No estaba acostumbrado a hablar de su vida con extraños, ni a defender sus acciones, pero en esos momentos daba la sensación de ser alguien que reclamaba aprobación.

–No me gusta discutir antes de tomarme el primer café del día –él bajó la mirada–. Sobre todo con una mujer desnuda.

La frase hizo que Miranda se llevara una mano a la boca. Craso error, pues la colcha estuvo a punto de deslizarse por un lado.

–Os proporciona una injusta ventaja –Gianni sonrió ante los esfuerzos de Miranda.

¡Injusta! Miranda se quedó sin habla ante la desfa- chatez de ese hombre. Jamás en su vida se había sentido en menor desventaja que en esos momentos y lo miró furiosa.

–Bueno, pues dado que me gusta jugar en igualdad de condiciones, podemos continuar esta conversación cuando me haya puesto algo de ropa encima.

La risa de Gianni fue cálida, profunda, gutural y totalmente inesperada. Consciente de la ligera respuesta de la parte inferior del estómago, Miranda luchó contra el impulso de sonreír. Ese hombre era un experto en sonreír y recibir sonrisas a cambio.

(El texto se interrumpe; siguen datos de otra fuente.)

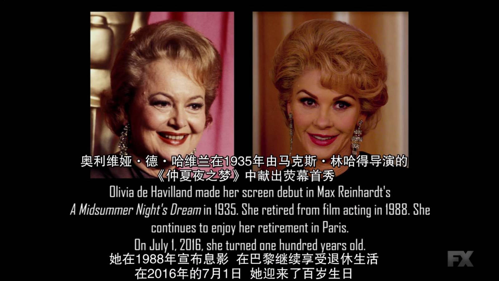 但是,明明剧中就涉及的奥利维拉·德哈维兰就有自己的撕逼史啊!在一起通电中,贝蒂·戴维斯明确的有一句台词:你那个琼可没我这个难搞!奥利维亚·德哈维兰和妹妹琼·芳登近百年的恩怨,也是很适合拍成一出狗血大剧的。就算琼·芳登在前几年去世了,百岁之时接受采访的奥利维亚·德哈维兰还是称她为龙夫人,就是英语俚语中蛇蝎女子的意思。

–Me parece justo –asintió Gianni–. Vamos, campeón, creo que te vendrá bien un poco de agua y jabón –tomó a su hijo en brazos e hizo una mueca ante el olor acre que desprendía–. Dejé el equipaje en la cocina. ¿Qué tal si usamos el baño de abajo y tú el de arriba… el que tiene el enorme cerrojo?

Miranda alzó desafiante la barbilla ante el comentario jocoso.

–Y créame, señor Fitzgerald, pienso utilizarlo.

Gianni la miró con ojos burlones. Ese hombre era un auténtico chico malo. Ella nunca se había sentido atraída hacia los chicos malos, y eso la colocaba en el grupo minoritario.

–Mi madre me advirtió sobre las mujeres de lengua afilada –sin embargo, pensó él, no le había hablado de las mujeres cuyas lenguas estuvieran hechas para el pecado.

Su mirada se detuvo un instante sobre ella antes de darse media vuelta con una sonrisa. Ni siquiera se volvió cuando ella contestó.

–Y mi madre me dijo que los hombres que tenían miedo de las mujeres inteligentes solían tener problemas de autoestima.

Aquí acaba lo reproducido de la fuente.